THE TASK
Print the lines of the listing below verbatim from its first line through the line bearing "La Lombardia è". Any pictures are to be omitted.
★ ★ ★ ★ ★
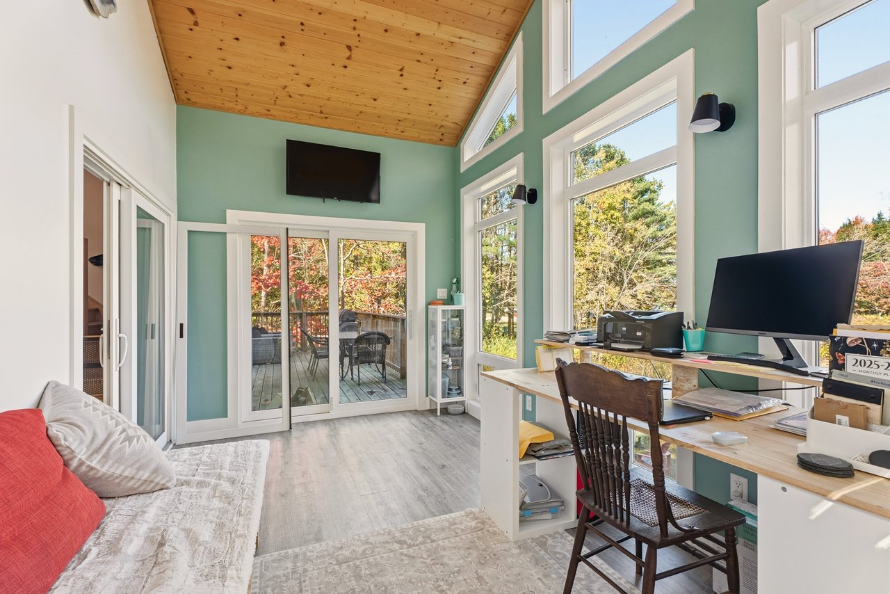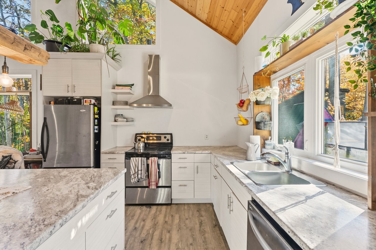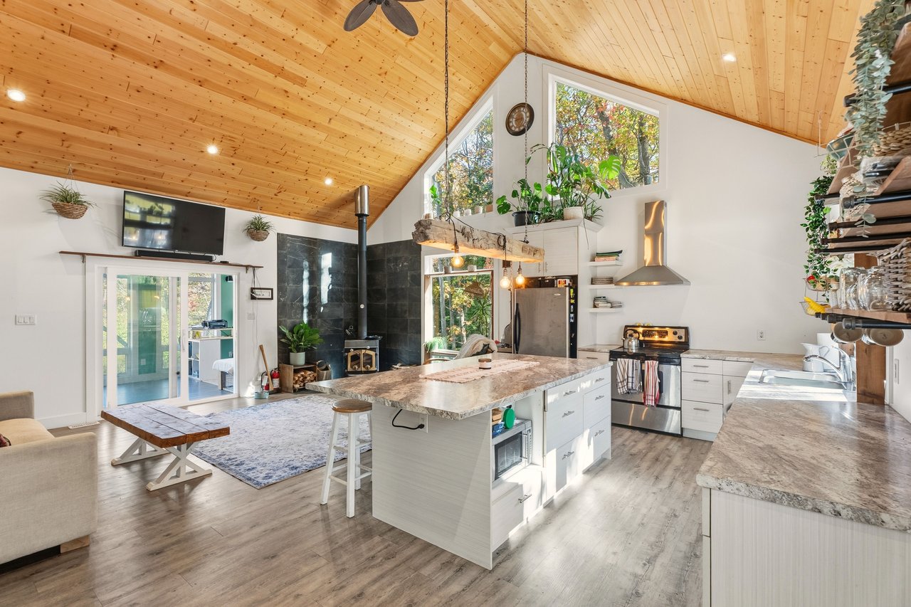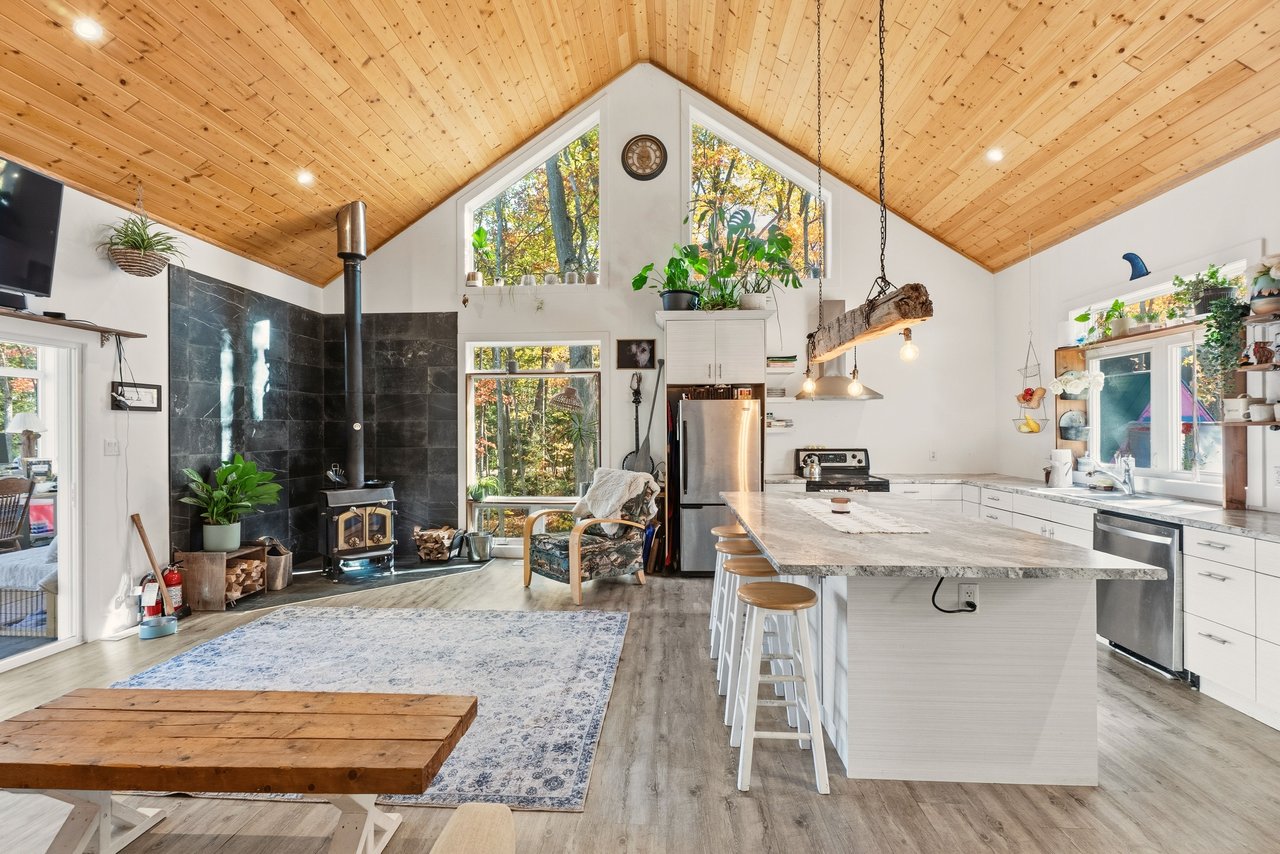 morning coffee, evening sunsets, or cozy winter nights by the fire. This home offers 3 spacious bedrooms and 1 elegant bath, thoughtfully designed for year-round living or weekend retreats. The loft adds flexibility, ideal for guests, kids, a home office, or a quiet reading nook. Outside, enjoy the tranquillity of 8.5 km of navigable waterways, perfect for boating, swimming, kayaking, or simply watching the gentle current drift by.
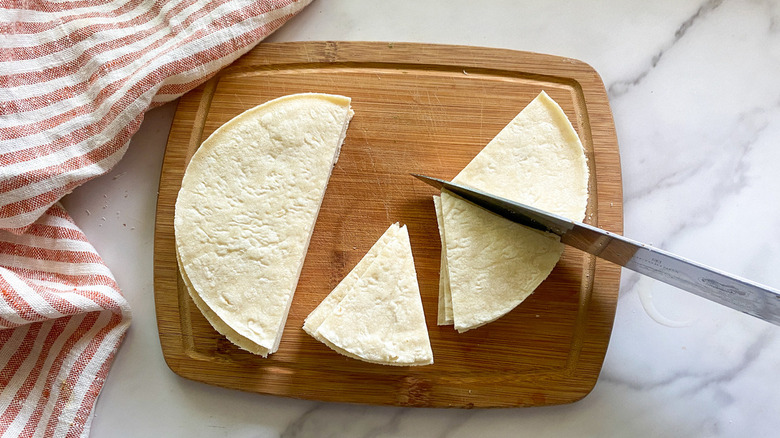 - Stack the tortillas and cut in them half. Then cut each half into 3 triangles, leaving you with 30 chips total.
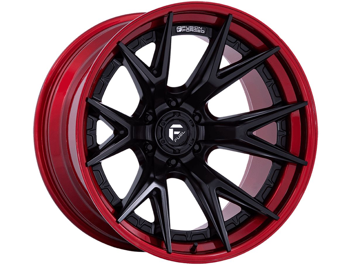 The wheel face is covered in a matte black finish that is enhanced by the candy red lip and barrel. The center cap is adorned with the Fuel logo to complete the look.
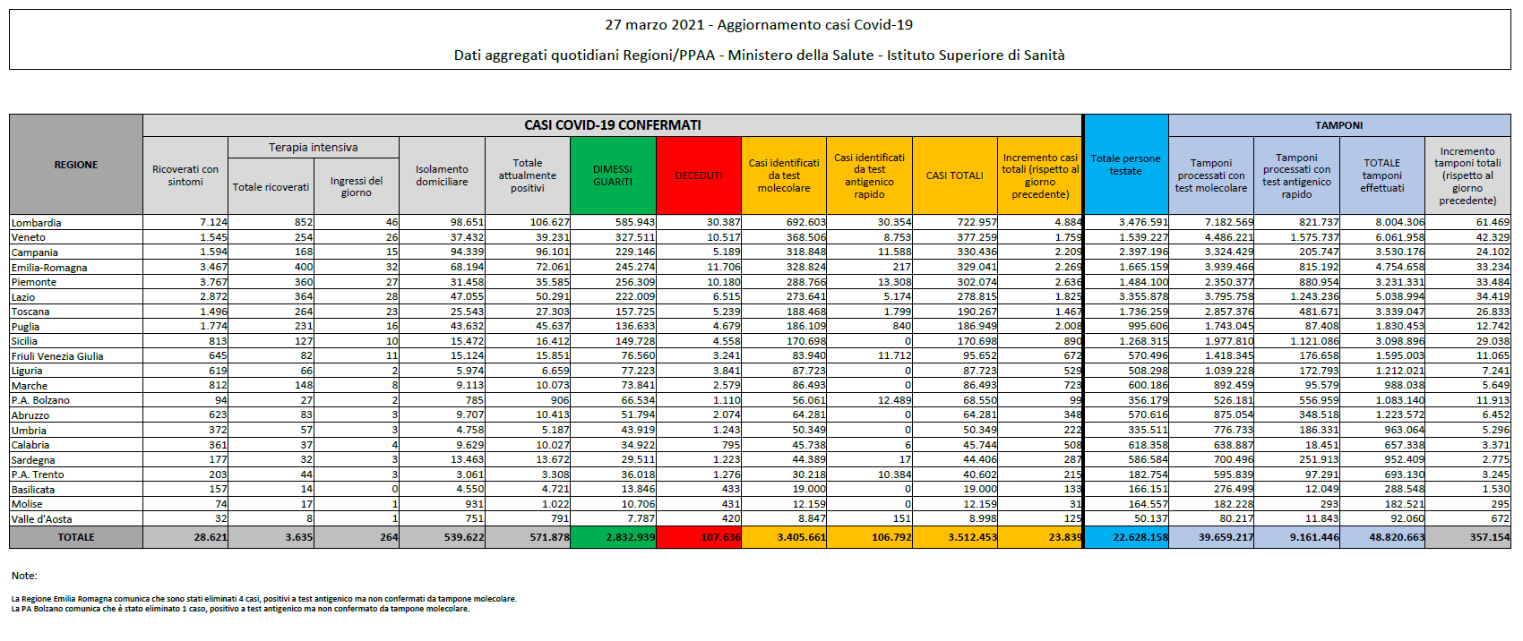 La Lombardia è la regione più colpita per numero di nuove infezioni (+4.884). Con oltre 2 mila contagiati ci sono: Piemonte (+2.636), Emilia-Romagna (+2.269), Campania (+2.209) e Puglia (+2.008). Seguono con un incremento a quattro cifre: Lazio (+1.825), Veneto (+1.759) e Toscana (+1.467). Tutte le altre regioni anno un aumento a due o tre cifre.
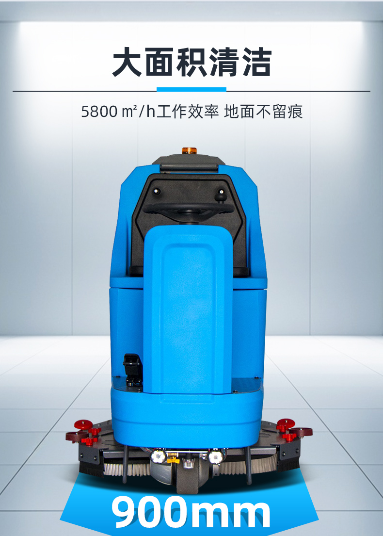 莱特工业洗地机T900型:机身尺寸:1600*1100*1420mm,吸水扒宽度:1200mm,工作效率:6800m²/h,工作宽度:900mm,刷盘转速:190rpm,刷盘功率:600W*2,吸水功率:600W,行走功率:1000W,行走速度:0-7km/h,最大爬坡率:≤25°,额定电压:DC24V,标配电池容量:200Ah锂电池,连续工作时间:5-6h,清水箱容量:175L,污水箱容量:180L,声级:60dB(A),转弯半径:500mm,整车重量:400kg。具备:全自动升高和降低刷盘、吸水扒;刷盘和吸水趴倒车自动升降,有效保护设备损伤;污水箱满了自动停机功能;配有高压清洗枪,可以清洗污水箱和吸水趴,方便快捷;按键式操作面板,简单易懂;双集成控制器,带故障自检功能;滤网可防止污水进入真空电机;配有水量显示器,可直观观察水位变化;大功率前驱电机,转弯灵活,操作便利;超静音设计,适用于对声音敏感的环境,如办公场所,疗养院,医院;吸水扒易装卸,遇到障碍物时自动脱落,可保护吸水扒,帮助机器顺利通过;两个注水口设计:大注水口可实现快速注水,小注水口配备3米长加水管适用于距离水源较远的场所;吸水扒易装卸,遇到障碍物时自动脱落,可保护吸水扒,帮助机器顺利通过。
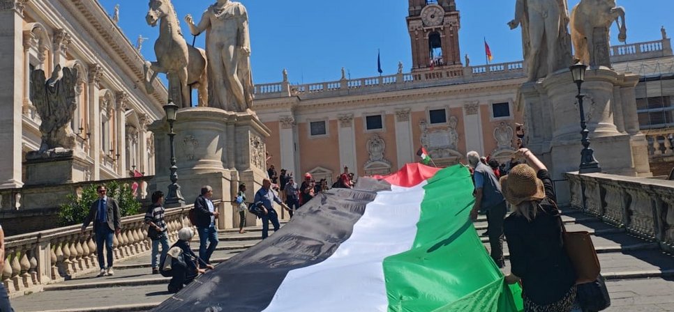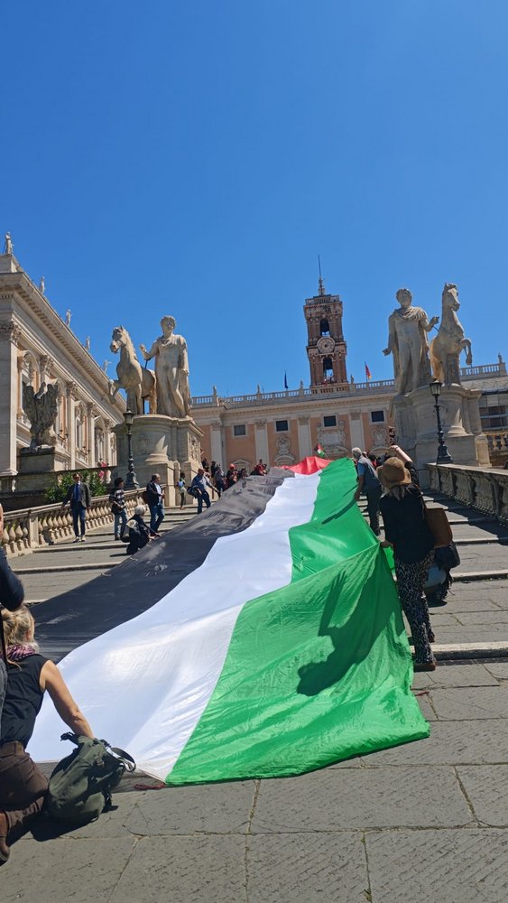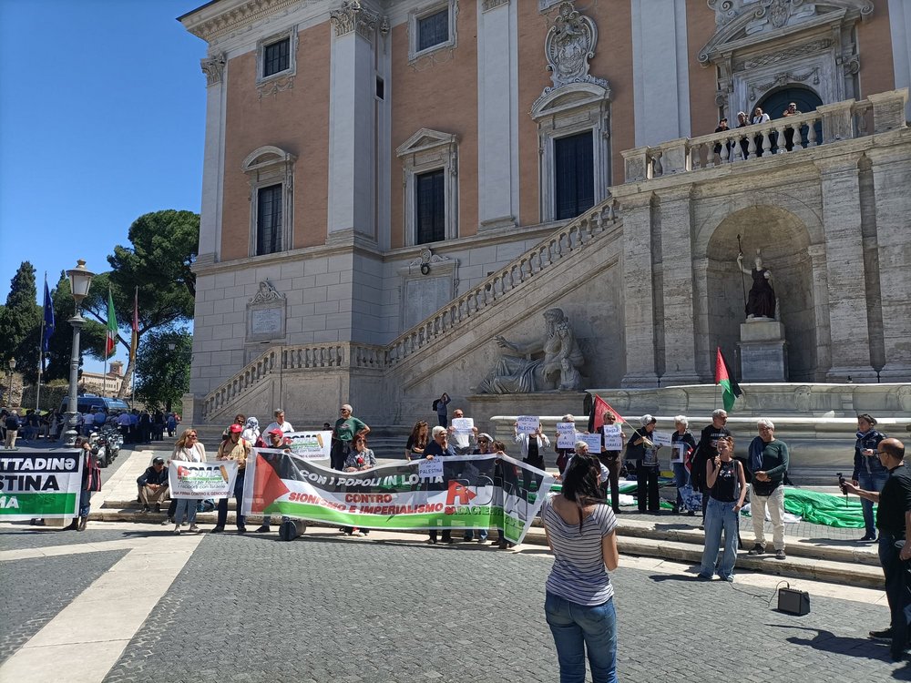 USB in piazza del Campidoglio con il coordinamento di forze che ha raccolto più di 16.000 firme per chiedere al Sindaco e al Consiglio comunale di esprimersi sulla rottura delle relazioni politiche, economiche, commerciali e di qualsiasi altro genere con lo stato criminale di Israele. Responsabile del genocidio del popolo palestinese.
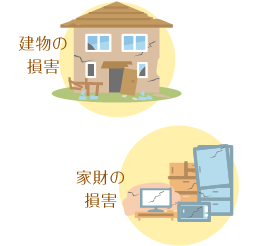 地震保険は、地震・噴火またはこれらによる津波を原因として、自宅建物と家財が被った損害(火災・損壊・埋没・流失)を補償する保険です。地震災害による被災者の生活の安定に寄与することが目的です。
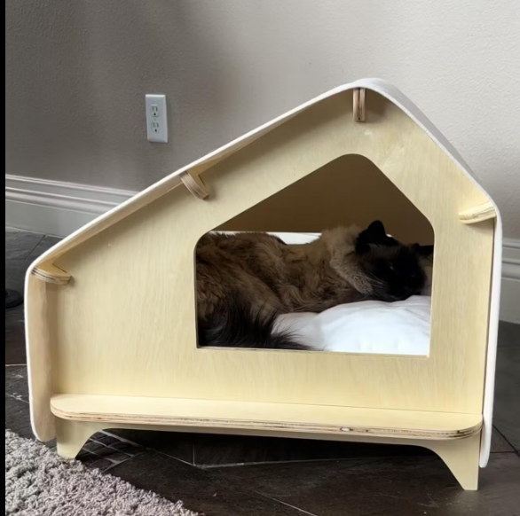 XWOOD Wooden Cat House Indoor Foldable Frame Natural Pine Wood Pet Hideout AC06
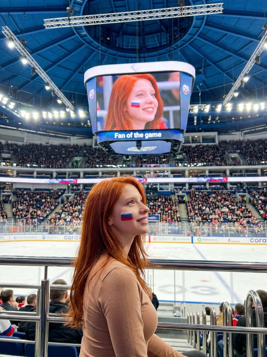 ? 🏒 Вертикальное любительское фото 2:3, снятое на камеру смартфона с трибуны большого крытого хоккейного стадиона. В нижней части кадра на переднем плане сидит девушка, показана по линию талии. Она немного развёрнута корпусом влево, лицо в профиль‑три четверти, подбородок чуть приподнят, взгляд устремлён вверх на центральный экран. Лёгкая улыбка, естественные черты лица, гладкая светлая кожа, на щеке аккуратный фейс‑арт в виде трёхцветного флажка,российского триколора. Макияж повседневный: подчёркнутые глаза, аккуратные брови, мягкий естественный оттенок губ. Волосы распущенные, ровно уложены и свободно лежат на плечах и спине. На девушке простой обтягивающий лонгслив без принтов, за спиной металлические перила ограждения сектора. За её спиной видна ледовая площадка с бортиками без читаемых логотипов и текстов, слегка размытая от глубины резкости. Дальше — плотно заполненные трибуны с толпой болельщиков. В верхней части кадра доминирует крупный подвесной центральный экран под куполом
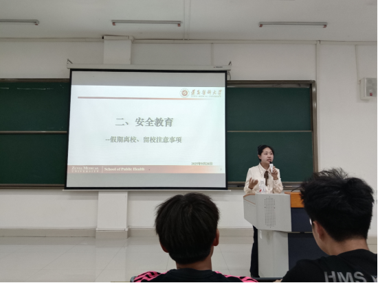 风清遇秋凉,国迎华诞至。为进一步增强同学们的安全意识,确保大家度过一个平安、充实、愉快的国庆与中秋假期,9月28日晚,学院2025级全体同学于第四教学楼38阶梯教室召开假期安全教育年级大会。学院党委副书记兼25级辅导员王红卫、兼职班主任罗意老师、研究生、本科生班导参加会议,会议由25预防班主任王漫老师主持。
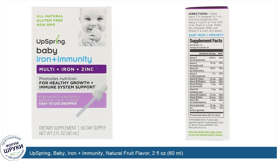 UpSpring, Baby, Iron + Immunity, Natural Fruit Flavor, 2 fl oz (60 ml)
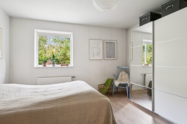 Fra stuen er der direkte udgang til den private have – en grøn oase, der indbyder til afslapning, grillhygge og rolige stunder. Haven vender ideelt for solen, og med sin ugenerte placering får man fornemmelsen af at bo midt i naturen. Der er desuden adgang via en lille flisebelagt sti gennem nabohaven, som gør det let at bevæge sig rundt.
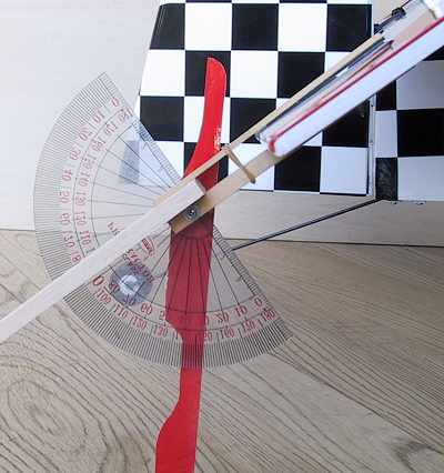 組み立てです。 ビスにワッシャを入れてヒノキ棒を通し分度器を通してビスでしめます。分度器が手で動くぐらいの堅さで。 針を通してビスで締めますがこれは軽く動くように。 0と180度のラインに沿って目盛りが見えやすいように針を切り欠きます。向きはどちらでもかまいません。こんな形になりましたがお好みでどうぞ 片方はそのまま伸ばしておいて重りの役目をします そしてもう一本の棒材を輪ゴムで束ねます、私は滑り止めにゴム板を張りました。 輪ゴムを使うことでいろんな形の翼に対応できます。 |
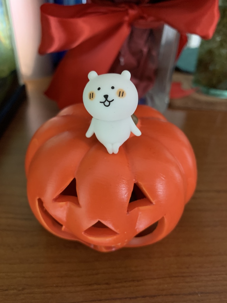 カボチャの上に座ってるのは、先日ガチャガチャでゲットした、どこかで見たようなキャラクターです(^^;
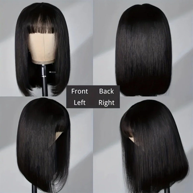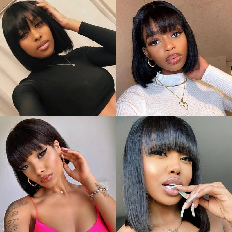 Straight Short Bob Wig With Bangs 100% Human Hair Full Machine Made Bob Wigs Glueless Straight Wigs For Women
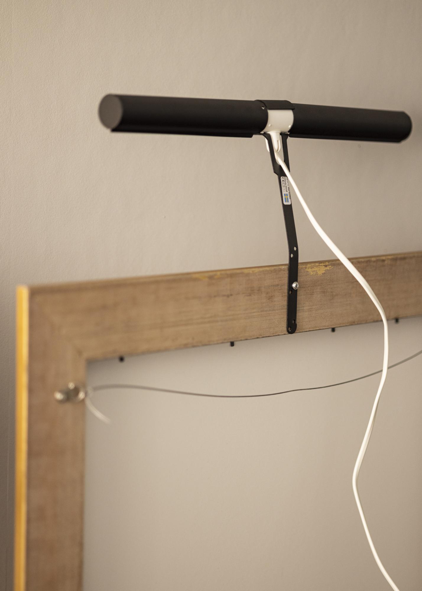 Osvetlitev slike običajno pritrdite na zadnjo stran okvirja, kar zahteva leseni okvir (nekateri kompozitni okvirji prav tako delujejo), ki ima širok profil, da je mogoče priviti v okvir. Z našim stenskim nosilcem tega ne rabite storiti, saj preprosto namestite osvetlitev slike neposredno na steno za sliko.
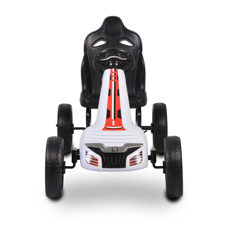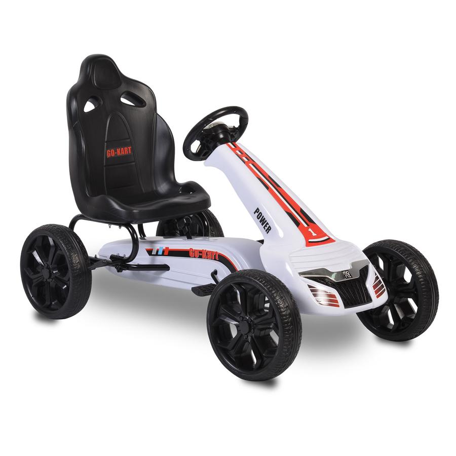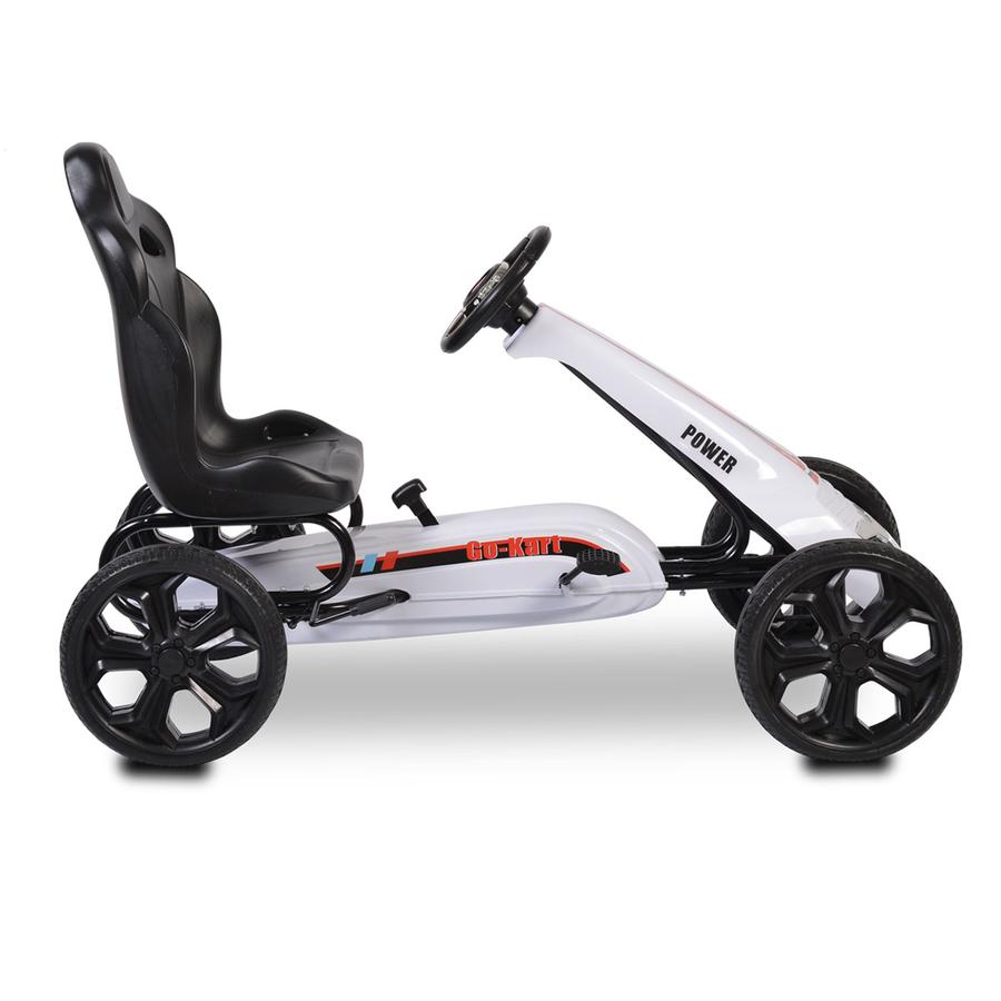 За деца на възраст от 37 до 95 месеца с максимално тегло до 40 кг. С меки синтетични EVA гуми. Движи се напред и назад чрез педалите; спиране чрез ръчната спирачка, разположена над дясната задна гума; лост за свободно движение. Размер на продукта: 113 x 58 x 72 cm.
★ ★ ★ ★ ★
RESPONSE BOX
 morning coffee, evening sunsets, or cozy winter nights by the fire. This home offers 3 spacious bedrooms and 1 elegant bath, thoughtfully designed for year-round living or weekend retreats. The loft adds flexibility, ideal for guests, kids, a home office, or a quiet reading nook. Outside, enjoy the tranquillity of 8.5 km of navigable waterways, perfect for boating, swimming, kayaking, or simply watching the gentle current drift by.
 - Stack the tortillas and cut in them half. Then cut each half into 3 triangles, leaving you with 30 chips total.
 The wheel face is covered in a matte black finish that is enhanced by the candy red lip and barrel. The center cap is adorned with the Fuel logo to complete the look.
 La Lombardia è la regione più colpita per numero di nuove infezioni (+4.884). Con oltre 2 mila contagiati ci sono: Piemonte (+2.636), Emilia-Romagna (+2.269), Campania (+2.209) e Puglia (+2.008). Seguono con un incremento a quattro cifre: Lazio (+1.825), Veneto (+1.759) e Toscana (+1.467). Tutte le altre regioni anno un aumento a due o tre cifre.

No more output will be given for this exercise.